My mom passed away a few weeks after I had my first child. This unfair twist of fate has been one of the greatest challenges of my life. To learn to live in the world without her has been incredibly hard.
An unexpected discovery of a Ziplock bag of letters, mostly written to me by my mom, from the first summer I went to camp, at age nine, until I graduated from college, changed everything. Twenty years after her death, re-reading these letters made me feel like I was conversing with her. I could feel her personality, “hear” her voice, and got a dose of her relevant and timely wisdom.
Mother/daughter relationships change over time
Since this experience, I’ve been thinking a lot about the mother-daughter relationship, the different seasons, and how it changes over time.
As a mom to two daughters, Zoe, 20, and Avi, 17. I have seen our relationships go through ups and downs, just as my relationship with my mom changed over the years.

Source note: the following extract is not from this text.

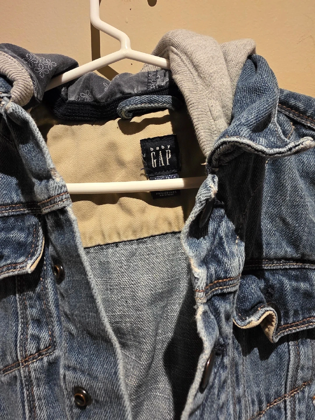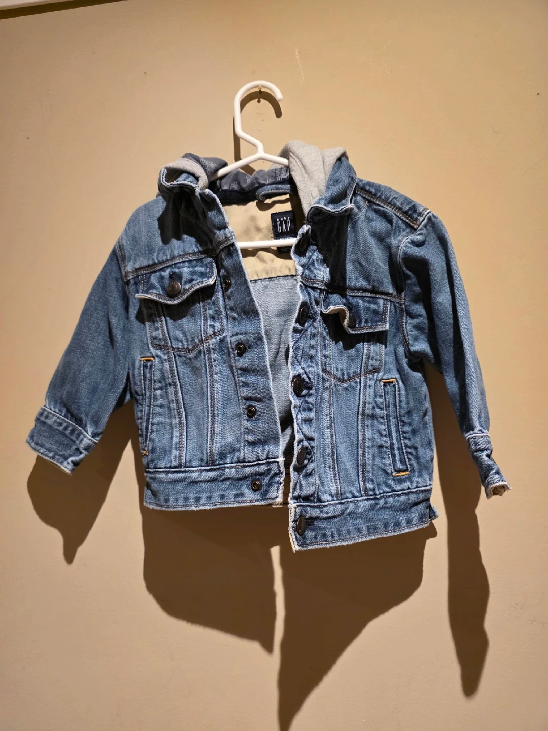 61A cute denim jacket from Baby Gap! It features a soft grey hood and classic denim look. Perfect for keeping your little one warm and stylish.

When in high school and living at home, my mom and I often bickered about insignificant things. Sometimes I felt she was standing in my way and preventing me from doing what I wanted. I know my daughters have felt this same way.
After I left for college, my relationship with my mom changed. She was still my mom and mothered me, and there were topics I would only tell my girlfriends, but our relationship evolved into a beautiful friendship.
When I left home, my mom, and I grew closer
We weren’t living together, and this helped us grow closer. She wasn’t nagging me about “taking my stuff upstairs” or “cleaning my room.” Instead, my mom became a trusted friend I could turn to for advice, and I knew she always had my best interest at heart.
She didn’t tell me what to do, but her opinion greatly affected me. Sometimes, she turned to me for my opinion on a given topic, and I was more than happy to share my thoughts.
When I graduated from college, we became best friends. This probably would have continued as we both got older.
When I was younger, my mom was my mom, not my friend, and I tried to remind myself of this when I became a mom. I knew my daughters didn’t need another friend; they had plenty of those. Instead, they needed a mom.
They needed me to parent them, as hard as it was sometimes, at various seasons of their lives. Sometimes I felt the burden of this responsibility, knowing the impact of my decisions. As my daughters grow and mature, I imagine our relationships will become more like loving friendships. I can start to see this a little bit, and it’s something I cherish. Spending time together will always be a priority for me, and I hope for them.
The relationship between a mother and daughter is precious, sacred, and one I value with all my heart. But that doesn’t mean it’s perfect or there won’t be ups and downs. Like most things in life, there are different seasons and challenges along the way.
It takes patience, respect, kindness, and work to grow and nurture the mother-daughter relationship. Remember this as you navigate your own relationship.
I am my mother’s daughter, just as Zoe and Avi are my daughters and my mother’s granddaughters, even though they never got to know each other. We are forever linked, one woman to another, one generation to the next. Our place in our family’s history is marked by the love we share, how we treat one another, what we pass on to future generations, and the lens of love we see.
I miss my mom every day
Not a day goes by that I don’t think of my mom, and I will always miss her. The pain has lessened as I’ve learned to focus on the positive. When I feel like I need an extra dose of her wisdom or I miss her, I can reread one of the letters and feel closer to her.
I know she is forever with me, wrapping me in her love, whispering advice, and watching over me. I hear her words and her laughter. I remember her smile and the way she held my hand. She taught me to love and, most importantly, showed me how to be a mom.